Hennepin County Board approves 2007 budget, tax levy
The Hennepin County Board today (Tuesday) adopted a 2007 county budget aimed at maintaining the county’s financial health as the demand for services continues to rise.
The board approved a budget of nearly $1.5 billion, with a net property tax levy of $565.2 million, an increase of 5.5 percent from the 2006 levy.
The vote was six to one, with Commissioners Mike Opat, Mark Stenglein, Gail Dorfman, Peter McLaughlin, Randy Johnson and Linda Koblick voting in favor of the budget, and Commissioner Penny Steele voting no.
In addition to adopting the budget for county government, the board approved a 2007 budget of $505.7 million for Hennepin County Medical Center. The HCMC budget is separate from the county budget because of a change in governance at the hospital, effective Jan. 1, 2007.
On that date, the board of Hennepin Healthcare System, Inc. — a new public subsidiary corporation — assumes primary responsibility for the day-to-day operations of HCMC and its four clinics. Despite the change in governance, HCMC will remain a public hospital, with the County Board retaining final policy control, including approval of the budget and oversight of HCMC’s mission of providing care to those most in need.
“Next year’s county budget represents good work that puts us on course to maintain our financial health,” said County Board Chair Randy Johnson. “As stewards
of the public’s assets, the county government is striving to bring down the cost of doing business — without losing quality and the ability to serve our customers — at a time when the demand for almost every one of our services is increasing.”

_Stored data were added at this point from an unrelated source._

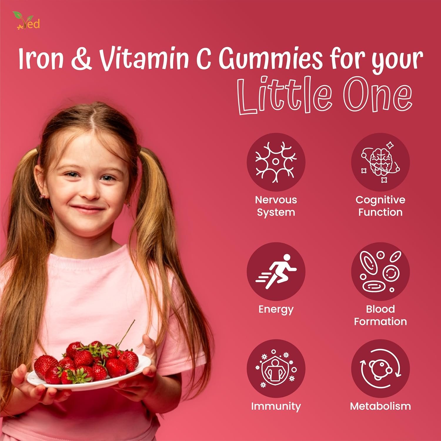 Iron Gummies Kids,15 Day Supply, Natural Strawberry Flavour, 30 Chewable Vegan Gummies, Vegetarian Friendly, Energy & Immune System, Kids Iron Gummies, GMO & Gluten Free.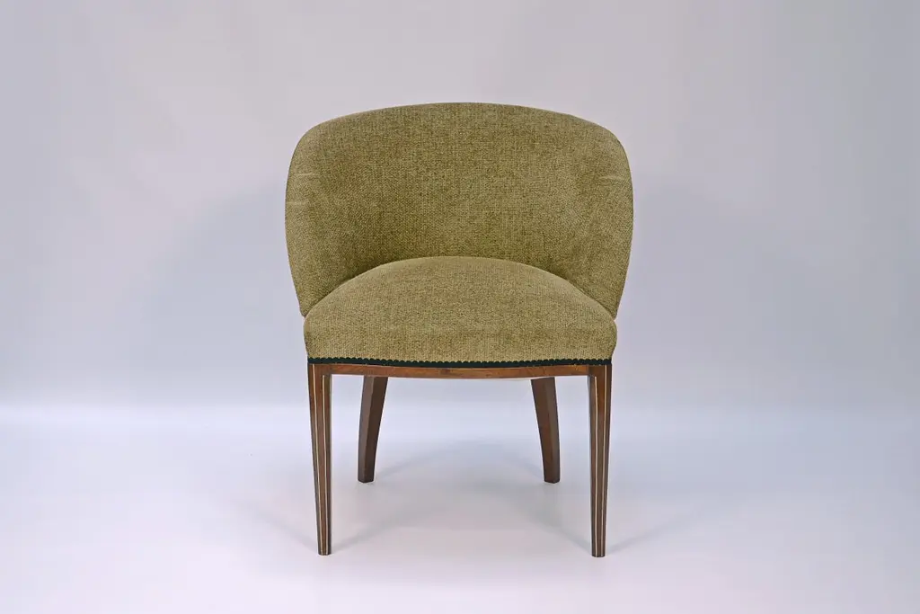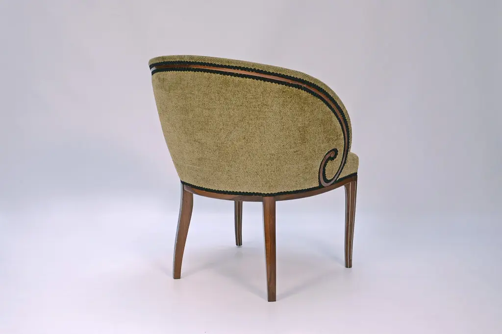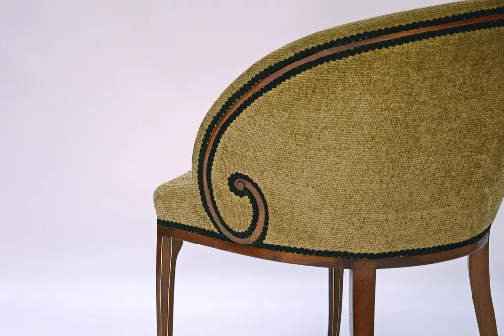 Set of 8 chairs designed by Jules Leleu (1883-1961). Walnut wood with inlay and chenille upholstery.Francoise Sirex (2008) "The House of Leleu: Classic French Style for a Modern World, 1920-1973" p. 157France, Circa 1920.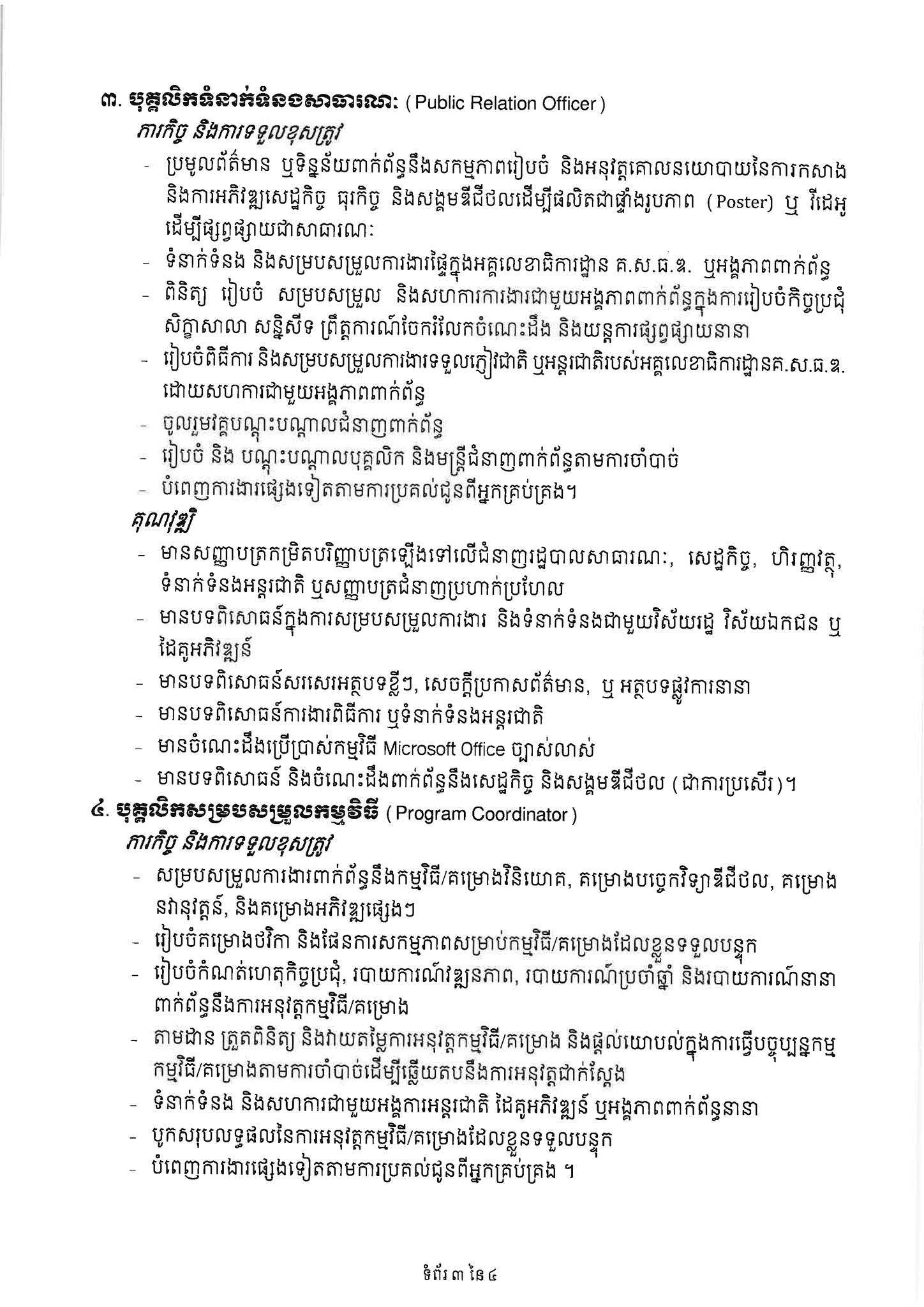 -បុគ្គលិកទំនាក់ទំនងសាធារណៈ (Public Relation Officer) ចំនួន ០២រូប។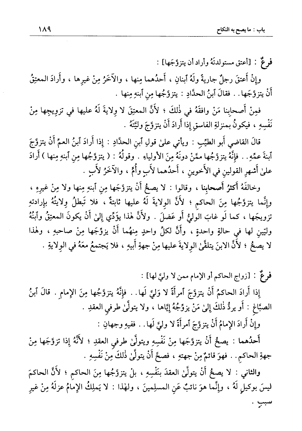 وخالفه أكثر أصحابنا، وقالوا: لا يصح أن يتزوجها من ابنه منها ولا من غيره، وإنما يتزوجها من الحاكم، لأن الولاية له عليها ثابتة، فلا تبطل ولايته بإرادته تزويجها، كما لو غاب الولي أو عضل. ولأن هذا يؤدي إلى أن يكون المعتق وابنه وليين لها في حالة واحدة، وأن لكل واحد منهما أن يزوجها من صاحبه، وهذا لا يصح، لأن الابن يتلقى الولاية عليها من جهة أبيه، فلا يجتمع معه في الولاية.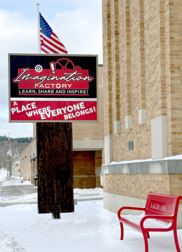 Imagination Factory Community Center of Iron Mountain will open the first floor of its children’s museum on Saturday, Feb. 28. An open house is slated for Saturday and Sunday, Feb. 7-8. The new outdoor signs, created by Bill Henricksen of Ink Design & Apparel, were recently installed. (Terri Castelaz/Daily News)
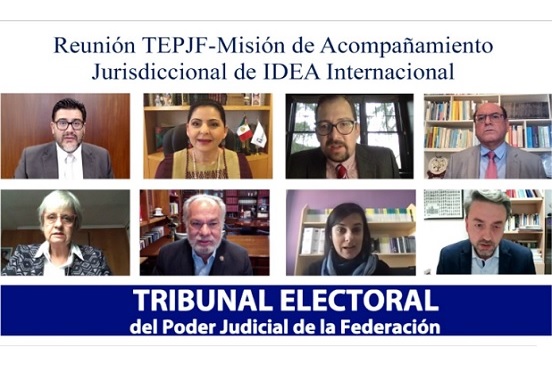 El magistrado presidente del Tribunal Electoral del Poder Judicial de la Federación (TEPJF), Reyes Rodríguez Mondragón, la magistrada Mónica Aralí Soto Fregoso y el magistrado José Luis Vargas Valdez se reunieron con integrantes de la Misión de Acompañamiento Jurisdiccional de IDEA Internacional, de quienes recibieron un análisis crítico sobre sentencias de distintas etapas del proceso electoral federal 2020-2021. Durante la reunión, deliberaron sobre temas relevantes como la violencia política en razón de género; fiscalización de las campañas; acceso a la justicia para grupos en situación de vulnerabilidad; participación política de las mujeres, y la representación de los migrantes que residen en el extranjero.

Increased service demands, federal and state funding reductions, and the rising costs of energy and health care are major factors driving the 2007 budget. Human services and public safety programs continue to consume the bulk of new property taxes, as has been the case in recent years.
Some specifics of the 2007 budget:
n Additional funding to areas needing more resources, especially the Sheriff’s Office, human services and corrections, following significant state reductions in recent years.
n Continued funding of the bituminous-overlay and concrete-repair programs for much-needed maintenance on county roads and highways.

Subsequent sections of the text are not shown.